__The problem__. The lines below, from the one containing "このみさんの男性向けラノベタイトル風あだ名をツクッター!" through the one containing "FUTGDEOHHGHere you can", should be set down exactly, with no pictures and nothing else.

[Source data Boundary: Start]

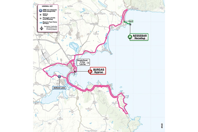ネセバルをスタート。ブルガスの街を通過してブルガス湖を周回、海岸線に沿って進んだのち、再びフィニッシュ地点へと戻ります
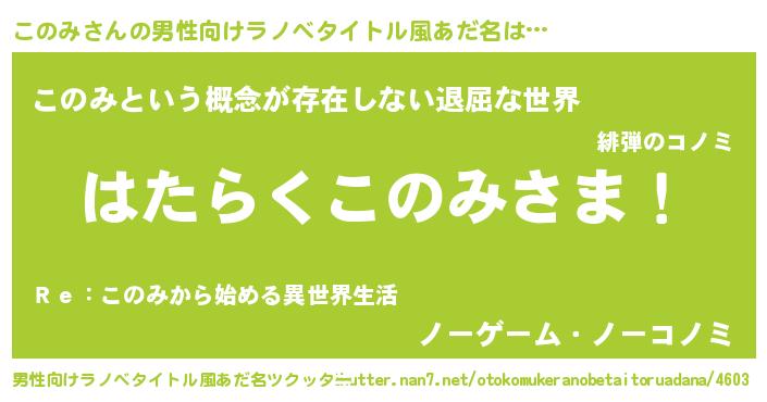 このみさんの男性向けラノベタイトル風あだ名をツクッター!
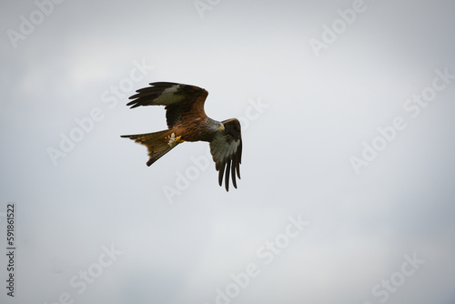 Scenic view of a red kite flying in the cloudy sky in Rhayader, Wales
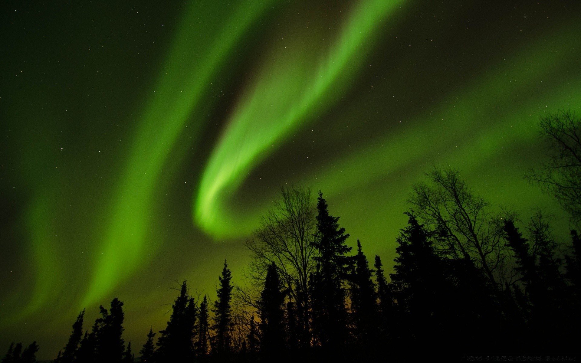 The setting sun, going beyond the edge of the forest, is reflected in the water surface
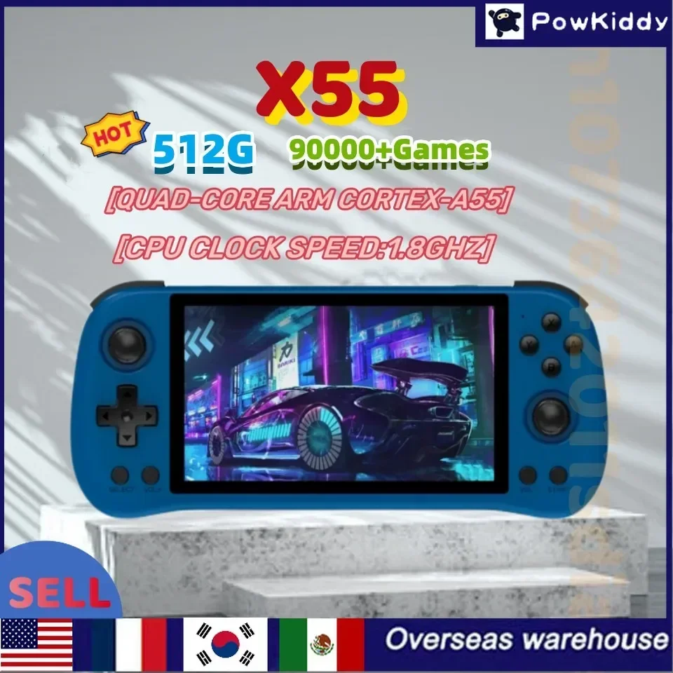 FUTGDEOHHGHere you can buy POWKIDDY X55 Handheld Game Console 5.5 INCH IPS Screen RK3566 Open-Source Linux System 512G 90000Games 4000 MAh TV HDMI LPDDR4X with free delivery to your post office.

[Source data Boundary: End]
[Source data Boundary: Start]

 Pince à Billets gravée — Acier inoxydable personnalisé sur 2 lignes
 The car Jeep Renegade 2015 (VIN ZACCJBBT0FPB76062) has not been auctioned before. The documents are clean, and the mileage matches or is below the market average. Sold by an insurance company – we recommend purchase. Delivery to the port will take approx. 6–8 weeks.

[Source data Boundary: End]

__Response__.
 このみさんの男性向けラノベタイトル風あだ名をツクッター!
 Scenic view of a red kite flying in the cloudy sky in Rhayader, Wales
 The setting sun, going beyond the edge of the forest, is reflected in the water surface
 FUTGDEOHHGHere you can buy POWKIDDY X55 Handheld Game Console 5.5 INCH IPS Screen RK3566 Open-Source Linux System 512G 90000Games 4000 MAh TV HDMI LPDDR4X with free delivery to your post office.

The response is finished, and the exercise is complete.